§ ASSIGNMENT: The needed output is the run of lines below from the one containing "Lato muro non" through the one containing "Turkey based sailing", copied exactly and free of pictures.

§ MATERIAL SUPPLIED:
"""

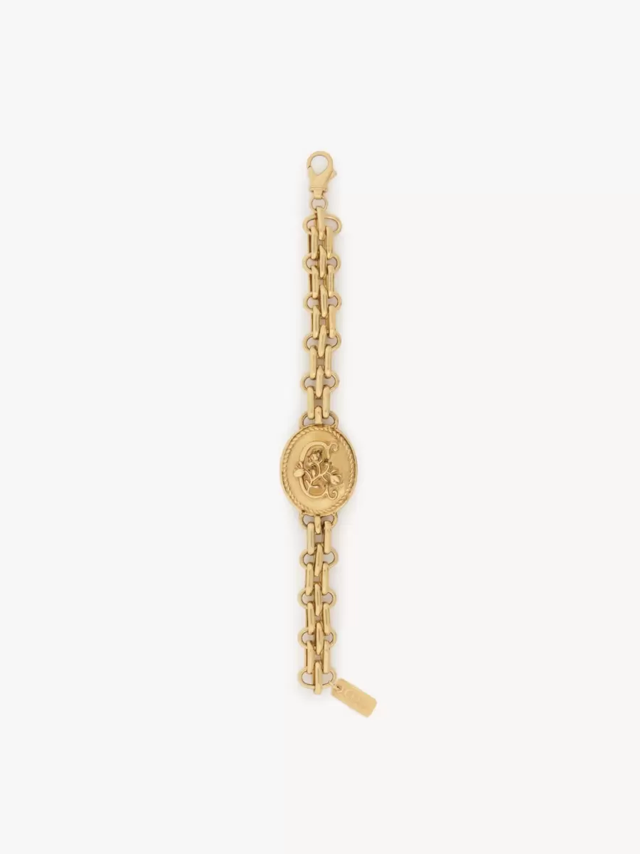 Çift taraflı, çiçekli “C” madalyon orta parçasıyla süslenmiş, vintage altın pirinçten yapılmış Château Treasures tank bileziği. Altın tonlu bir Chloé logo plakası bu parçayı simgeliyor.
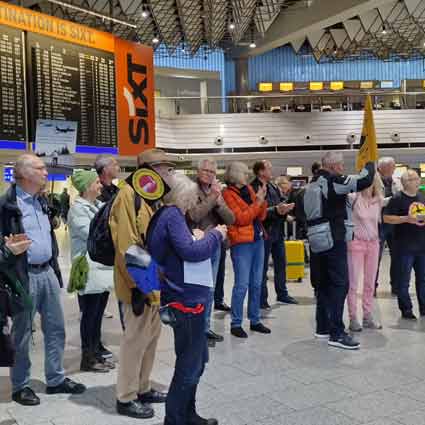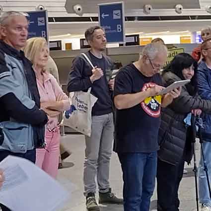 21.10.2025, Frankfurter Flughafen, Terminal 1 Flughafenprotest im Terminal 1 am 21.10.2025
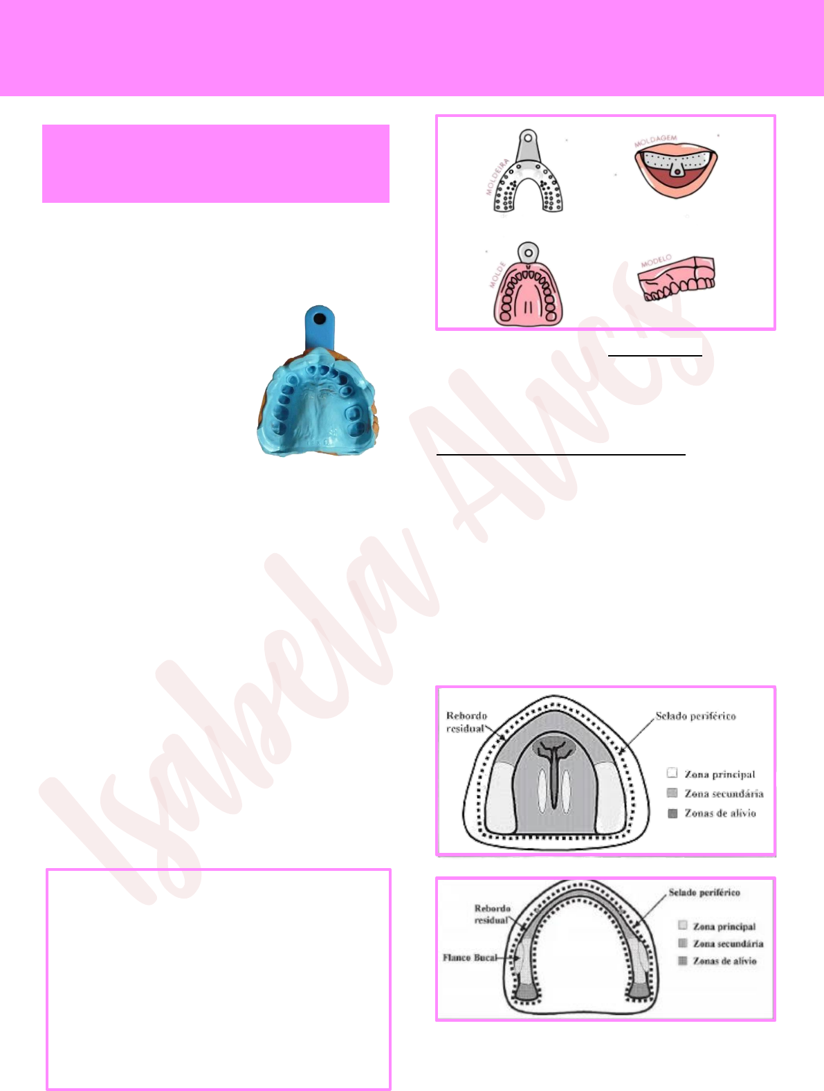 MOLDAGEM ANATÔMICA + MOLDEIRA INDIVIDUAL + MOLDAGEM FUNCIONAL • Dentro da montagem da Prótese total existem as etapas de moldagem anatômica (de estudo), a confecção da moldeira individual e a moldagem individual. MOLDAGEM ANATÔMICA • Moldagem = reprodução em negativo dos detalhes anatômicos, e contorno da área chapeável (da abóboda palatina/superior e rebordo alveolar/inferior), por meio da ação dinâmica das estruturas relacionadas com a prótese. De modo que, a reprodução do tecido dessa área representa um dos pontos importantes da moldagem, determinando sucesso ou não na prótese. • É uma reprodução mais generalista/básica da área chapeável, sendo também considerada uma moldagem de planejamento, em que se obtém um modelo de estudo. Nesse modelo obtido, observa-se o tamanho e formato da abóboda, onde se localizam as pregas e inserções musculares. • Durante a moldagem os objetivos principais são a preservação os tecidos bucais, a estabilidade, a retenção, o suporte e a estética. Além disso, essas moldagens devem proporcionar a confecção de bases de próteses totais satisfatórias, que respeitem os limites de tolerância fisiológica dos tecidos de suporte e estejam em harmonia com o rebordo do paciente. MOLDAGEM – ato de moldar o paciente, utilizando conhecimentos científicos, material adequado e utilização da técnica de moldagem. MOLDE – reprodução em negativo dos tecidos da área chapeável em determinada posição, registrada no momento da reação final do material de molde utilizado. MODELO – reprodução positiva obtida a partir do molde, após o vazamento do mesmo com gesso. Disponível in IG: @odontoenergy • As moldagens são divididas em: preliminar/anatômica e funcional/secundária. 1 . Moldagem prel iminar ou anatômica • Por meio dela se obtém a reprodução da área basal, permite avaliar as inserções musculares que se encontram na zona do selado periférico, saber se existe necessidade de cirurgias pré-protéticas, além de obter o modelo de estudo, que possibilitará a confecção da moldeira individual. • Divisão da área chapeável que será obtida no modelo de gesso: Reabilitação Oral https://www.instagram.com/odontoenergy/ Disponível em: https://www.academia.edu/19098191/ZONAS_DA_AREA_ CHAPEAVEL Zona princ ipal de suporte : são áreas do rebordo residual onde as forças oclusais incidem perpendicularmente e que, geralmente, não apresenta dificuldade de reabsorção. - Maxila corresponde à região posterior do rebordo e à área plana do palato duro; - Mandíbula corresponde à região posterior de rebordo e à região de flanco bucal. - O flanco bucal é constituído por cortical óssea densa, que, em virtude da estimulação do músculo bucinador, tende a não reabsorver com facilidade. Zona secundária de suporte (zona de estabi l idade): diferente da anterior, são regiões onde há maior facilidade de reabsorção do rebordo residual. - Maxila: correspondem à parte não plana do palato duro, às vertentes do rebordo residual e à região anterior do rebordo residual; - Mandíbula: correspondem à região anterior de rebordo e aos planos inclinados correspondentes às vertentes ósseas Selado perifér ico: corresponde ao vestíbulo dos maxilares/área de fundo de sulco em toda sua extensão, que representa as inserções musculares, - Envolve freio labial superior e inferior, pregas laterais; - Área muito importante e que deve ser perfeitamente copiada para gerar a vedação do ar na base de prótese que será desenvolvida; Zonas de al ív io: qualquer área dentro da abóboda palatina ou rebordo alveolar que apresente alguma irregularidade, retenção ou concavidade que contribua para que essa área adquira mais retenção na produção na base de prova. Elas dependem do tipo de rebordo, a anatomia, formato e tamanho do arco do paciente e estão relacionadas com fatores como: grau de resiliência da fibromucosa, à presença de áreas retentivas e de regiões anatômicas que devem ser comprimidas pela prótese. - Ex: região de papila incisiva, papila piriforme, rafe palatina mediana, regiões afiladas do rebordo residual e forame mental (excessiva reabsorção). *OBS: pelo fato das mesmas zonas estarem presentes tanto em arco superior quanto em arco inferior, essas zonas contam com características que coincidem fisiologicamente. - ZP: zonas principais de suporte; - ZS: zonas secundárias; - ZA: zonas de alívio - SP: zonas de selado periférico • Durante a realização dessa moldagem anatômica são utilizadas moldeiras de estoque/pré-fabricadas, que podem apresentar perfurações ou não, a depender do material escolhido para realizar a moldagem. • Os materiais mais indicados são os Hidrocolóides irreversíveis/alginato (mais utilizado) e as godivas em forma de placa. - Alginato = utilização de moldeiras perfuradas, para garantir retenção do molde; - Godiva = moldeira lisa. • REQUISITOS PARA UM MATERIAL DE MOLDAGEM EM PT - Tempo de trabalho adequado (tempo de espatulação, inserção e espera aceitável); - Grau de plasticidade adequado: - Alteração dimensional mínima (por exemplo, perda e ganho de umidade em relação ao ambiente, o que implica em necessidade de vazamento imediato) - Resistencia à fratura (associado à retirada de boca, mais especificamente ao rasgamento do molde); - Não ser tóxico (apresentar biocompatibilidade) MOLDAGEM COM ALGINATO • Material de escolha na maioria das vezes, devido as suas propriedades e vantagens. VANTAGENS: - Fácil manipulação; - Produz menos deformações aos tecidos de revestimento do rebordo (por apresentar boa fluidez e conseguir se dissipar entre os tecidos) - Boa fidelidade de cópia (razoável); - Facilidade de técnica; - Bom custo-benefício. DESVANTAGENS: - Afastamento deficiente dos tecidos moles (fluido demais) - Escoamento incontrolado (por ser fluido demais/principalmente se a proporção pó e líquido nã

"""
"""

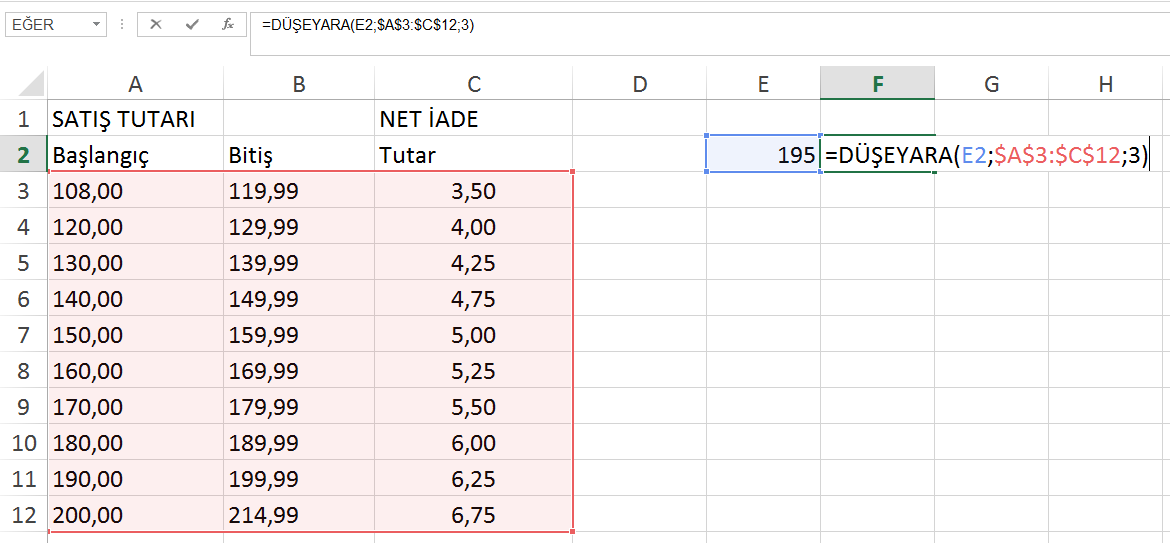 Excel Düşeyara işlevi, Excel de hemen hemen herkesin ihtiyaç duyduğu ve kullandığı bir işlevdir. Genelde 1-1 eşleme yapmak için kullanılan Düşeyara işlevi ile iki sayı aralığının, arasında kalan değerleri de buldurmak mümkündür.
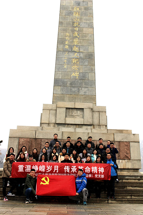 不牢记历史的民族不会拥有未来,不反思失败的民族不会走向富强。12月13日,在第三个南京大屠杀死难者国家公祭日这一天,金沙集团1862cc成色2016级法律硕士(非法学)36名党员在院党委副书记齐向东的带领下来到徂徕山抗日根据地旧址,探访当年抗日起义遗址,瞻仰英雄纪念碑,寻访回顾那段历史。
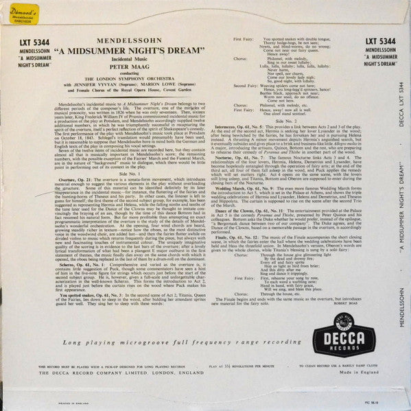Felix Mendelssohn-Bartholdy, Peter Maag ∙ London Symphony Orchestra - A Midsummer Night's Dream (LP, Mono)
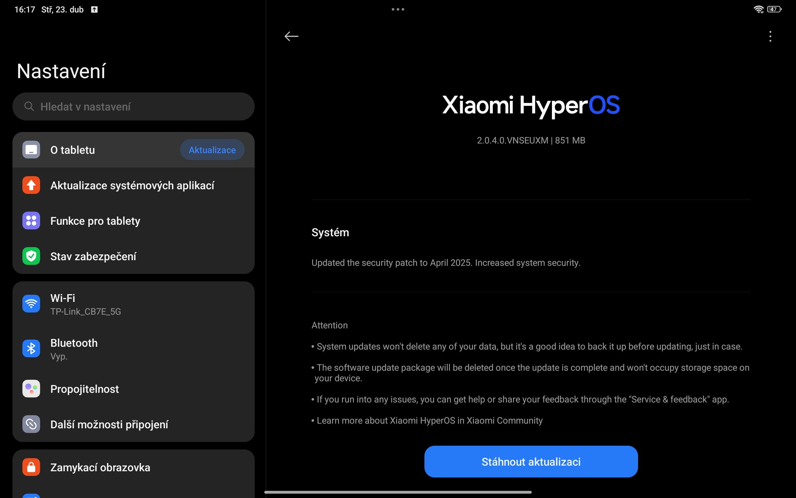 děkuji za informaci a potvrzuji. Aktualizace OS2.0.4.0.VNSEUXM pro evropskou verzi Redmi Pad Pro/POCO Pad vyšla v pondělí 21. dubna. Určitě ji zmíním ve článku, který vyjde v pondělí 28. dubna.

"""
"""

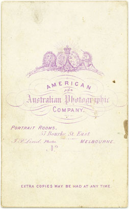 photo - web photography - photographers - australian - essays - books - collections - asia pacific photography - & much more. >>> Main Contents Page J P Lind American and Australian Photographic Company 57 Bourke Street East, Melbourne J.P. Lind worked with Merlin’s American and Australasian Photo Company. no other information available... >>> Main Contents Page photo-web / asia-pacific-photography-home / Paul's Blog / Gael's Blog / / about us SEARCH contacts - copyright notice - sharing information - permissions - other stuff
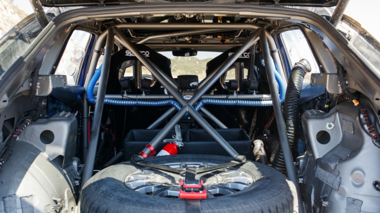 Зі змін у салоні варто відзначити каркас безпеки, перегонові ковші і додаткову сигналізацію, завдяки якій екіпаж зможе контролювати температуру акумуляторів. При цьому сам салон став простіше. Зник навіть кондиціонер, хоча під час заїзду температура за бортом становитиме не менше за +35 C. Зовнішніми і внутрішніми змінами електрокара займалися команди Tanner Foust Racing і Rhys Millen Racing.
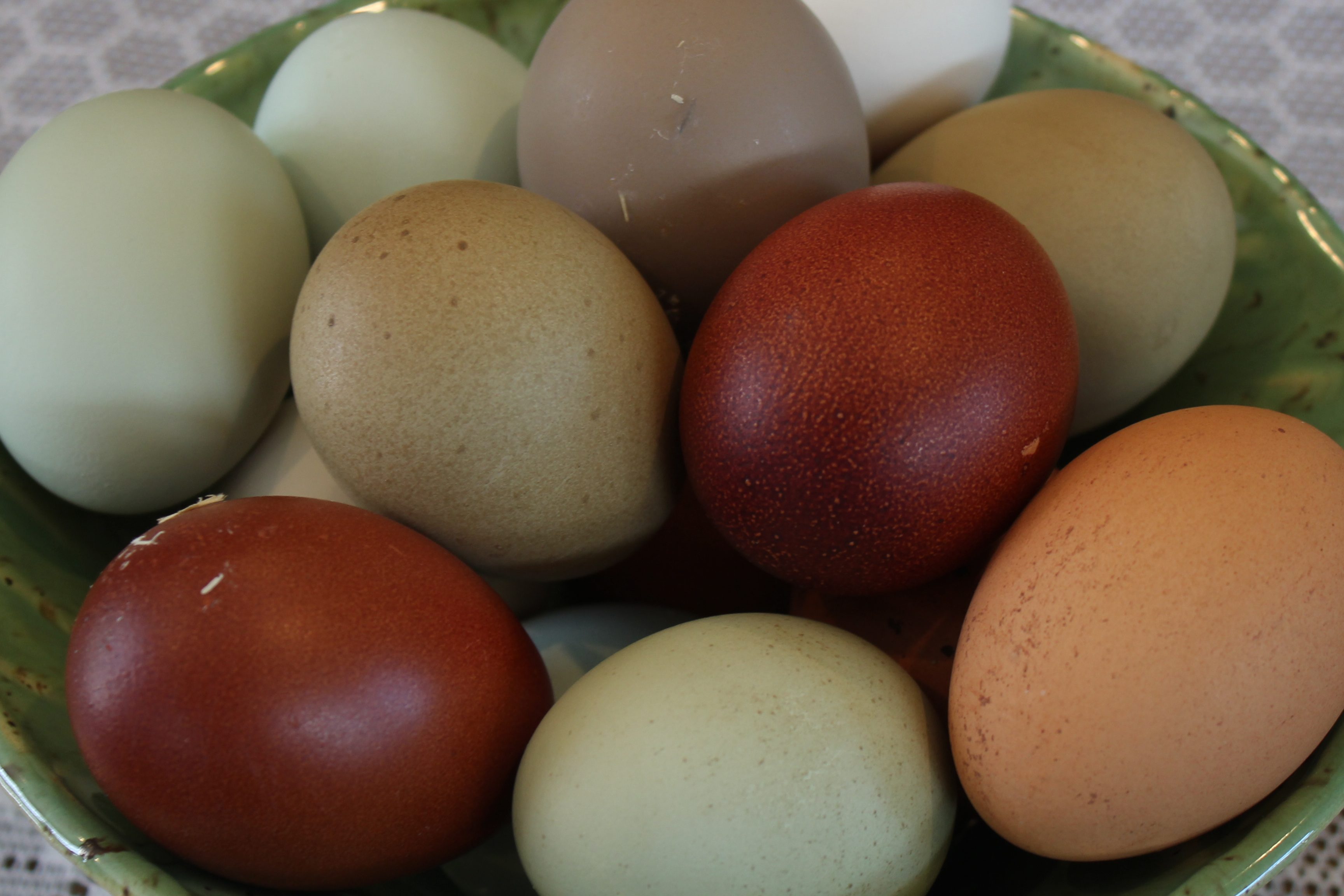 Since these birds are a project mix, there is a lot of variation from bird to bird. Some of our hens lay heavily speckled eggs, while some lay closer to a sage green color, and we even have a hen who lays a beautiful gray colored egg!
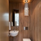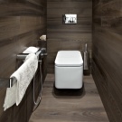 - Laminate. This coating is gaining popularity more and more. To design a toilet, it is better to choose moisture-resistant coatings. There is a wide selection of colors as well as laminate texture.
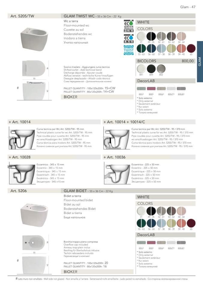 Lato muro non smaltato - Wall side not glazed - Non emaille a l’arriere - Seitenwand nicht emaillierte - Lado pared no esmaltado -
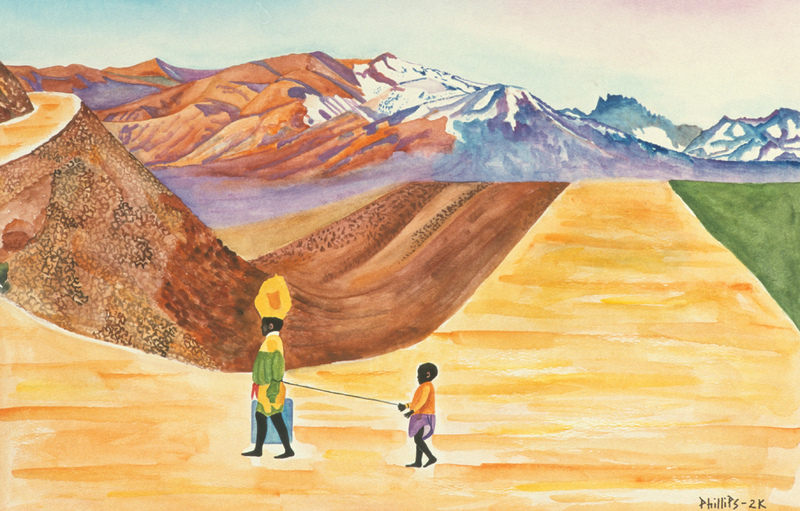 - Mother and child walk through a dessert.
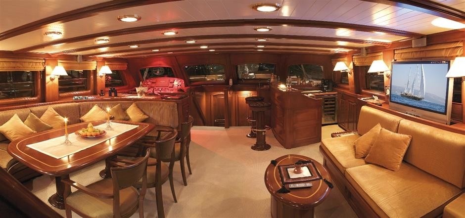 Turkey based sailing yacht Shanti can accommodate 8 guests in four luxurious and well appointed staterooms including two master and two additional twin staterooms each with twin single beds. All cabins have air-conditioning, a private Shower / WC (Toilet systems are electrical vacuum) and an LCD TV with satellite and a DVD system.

"""

§ WRITTEN RESPONSE:
 Lato muro non smaltato - Wall side not glazed - Non emaille a l’arriere - Seitenwand nicht emaillierte - Lado pared no esmaltado -
 - Mother and child walk through a dessert.
 Turkey based sailing yacht Shanti can accommodate 8 guests in four luxurious and well appointed staterooms including two master and two additional twin staterooms each with twin single beds. All cabins have air-conditioning, a private Shower / WC (Toilet systems are electrical vacuum) and an LCD TV with satellite and a DVD system.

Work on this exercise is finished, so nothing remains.